Why isn't Carper behind a regular public option (though he did vote for Schumer's level-playing field)? It's a familiar answer: there aren't enough moderate Democratic votes supporting it so I can't be a moderate Democrat voting for it.
Finally, there's the Cantwell amendment that did pass, narrowly.
The amendment creates a "federally funded, non-Medicaid, state plan which combines the innovation and quality of private sector competition with the purchasing power of the states," according to an overview.
It would be available to people with incomes above Medicaid eligibility but below 200 percent of the federal poverty level -- a very narrow window. However, Republicans fear -- and progressives hope -- that once the plan becomes law there will be pressure to expand it.
The plan would not be free. It is based on Washington state's Basic Health plan, which costs roughly 60 dollars a month, with the remainder of the premium subsidized by the state.
This isn't a public option either. It's quite narrow, covering about 75 percent of the currently uninsured. Eleven million uninsured sounds better than 46 million uninsured, but this is incremental, nibbling away at the edges of the problem, not substantive reform. As Jon explains it's not a bad idea in and of itself. It would be an improvement on the current exchange idea, in which the "government defines the basic health care plan which must be covered, and companies mainly compete on price of premiums and provider network." That improvement on the exchange, say coupled with Wyden's Free Choice Act that would open the exchange to everyone, would be helpful.
But it's not a public option. It's not a government provided, managed, and overseen program. And it shouldn't be sold as a public option.

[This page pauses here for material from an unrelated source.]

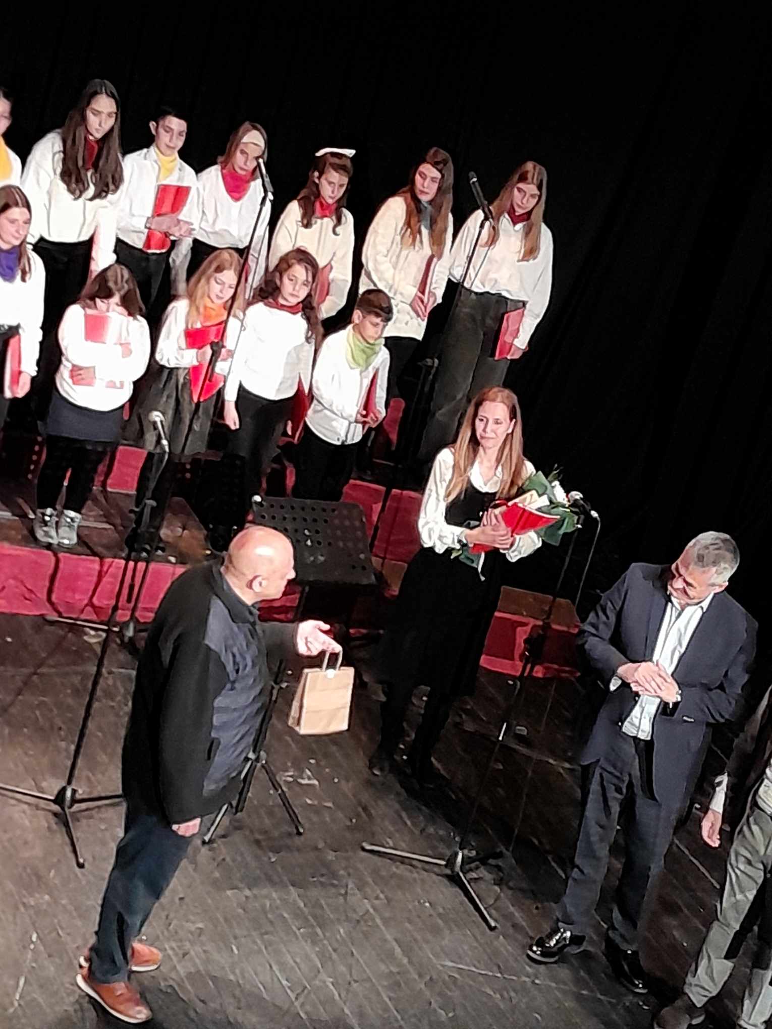 Η Μαέστρος και καθηγήτρια πιάνου του Ωδείου Μαρία Ασημακοπούλου – Ζεύκα διηύθυνε τη χορωδία, με συνοδεία στο πιάνο από την επίσης καθηγήτρια του Ωδείου, Κωνσταντίνα Αναστοπούλου. Με την ολοκλήρωση της εμφάνισης της Χορωδίας, ο Δήμαρχος Τρίπολης Κώστας Τζιούμης ανέβηκε στη σκηνή και αντάλλαξε με τον Πρόεδρο του Δ.Σ. του Ωδείου Γιώργο Γεωργόπουλο τα σχετικά αναμνηστικά δώρα, επαινώντας ταυτόχρονα την όλη προσπάθεια.

We won't buy it.
Finally, there's another state development that made it into the chairman's mark before markup even started, that could be a stealthy Wyden amendment that Ezra calls a state single-payer option:
Essentially, states can ask the federal government for a waiver that allows them to keep the federal funds they're receiving and do pretty much anything they want with them, so long as the coverage they provide is "at least as comprehensive as required under the Chairman’s Mark" and will "lower health care spending growth, improve the delivery system performance, provide affordable choices for all its citizens, expand protections against excessive out-of-pocket spending, provides coverage to the same number of uninsured and not increase the Federal deficit."

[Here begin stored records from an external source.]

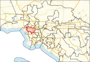 - les quartiers de la ville de Los Angeles de Mid City, West Los Angeles, Westwood, Century City, Rancho Park, Palms, Mar Vista, Del Rey, Sawtelle, Beverlywood, View Park-Windsor Hills, Cheviot Hills, Pico-Robertson, Exposition Park, University Park, Vermont Knolls, West Adams, Leimert Park, Jefferson Park, Vermont Square, Ladera Heights, Hyde Park, Crenshaw et Baldwin Hills.
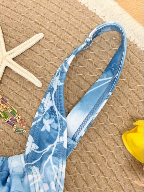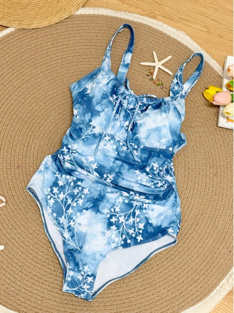 Drawstring Tropical Plants Print Cyan One Piece Swimwear
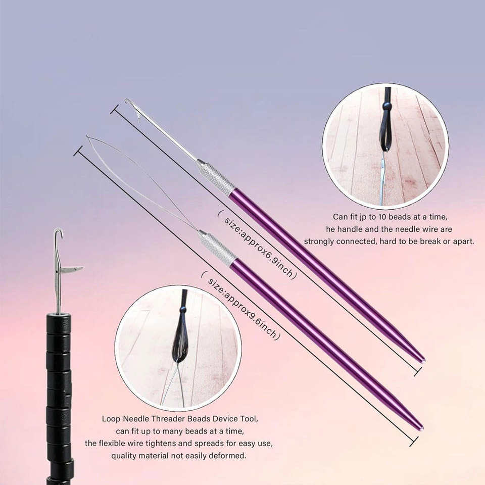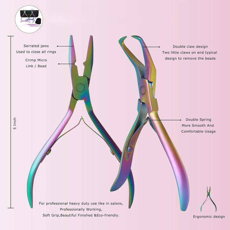 ชุดอุปกรณ์ต่อผมระดับพรีเมียม พร้อมเครื่องมือสำหรับต่อผมแบบไมโครลิงค์ นาโนบีดส์ และขนนก สำหรับงานในร้านเสริมสวย
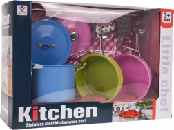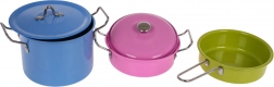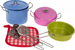 Gør dit barns leg mere farverig med dette skønne sæt af farverige køkkenredskaber. Indeholder en smuk blå gryde med ører og låg, en lyserød gryde med ører og låg, en grøn pande og forskellige køkkenredskaber, hvilket tilsammen danner det perfekte sæt for unge kokke.

That could be used for a public option. But it could also be used for single-payer. The potential problem, as Jon Cohn points out, is that a Republican statehouse could use it to ratchet back coverage in existing public programs. But since the amendment doesn't allow anything to drift beneath the levels envisioned in the bill itself, it's hard to imagine a conservative state using it to be any less generous than the state would otherwise be.

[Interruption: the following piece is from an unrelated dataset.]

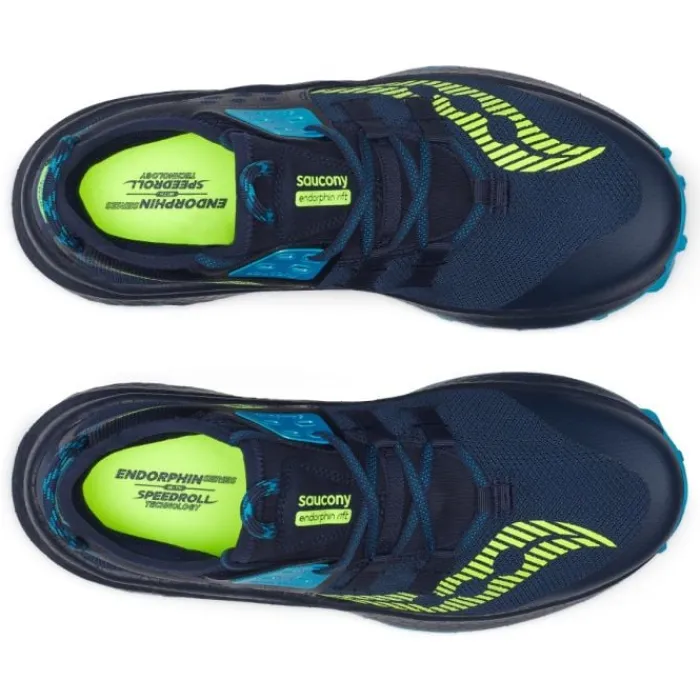 Saucony Endorphin Rift on äärimmäisen monipuolinen polkujuoksukenkä. Endorphin Rift on valmistettu Sauconyn huippulaadukkaasta PWRUN PB -vaahtomateriaalista, joka on erittäin pehmeä ja energiaa palauttava. Kenkässä on SpeedRoll-tekniikka, kuten kaikissa muissa Endorphin-sarjan kengissä. Se on neutraali juoksukenkä ilman sisäänrakennettua levyä, mikä tarkoittaa, että se on hieman joustavampi ja liikkuvampi. Endorphin Rift on kuitenkin varustettu suojaavalla kivilevyllä välipohjassa kestämään haastavaa maastoa. Endorphin Riftin päällinen on sukkamainen muotoilu. Kengässä on 6 mm kantakorkeus ja karkeat ja syvät nappulat pohjassa.

You know, Medicare for all would have been a helluva lot easier. Again, there's potential in this, but it's still giving us an even more fractured system. It and the Cantwell amendment are now in the SFC bill. They are as close to any kind of public option as we're going to get, but they cannot be confused for a true, robust, national public option. The best that we can get? Only if Dems don't accept the fact they have the majority, and if they choose to use it, can do much, much more.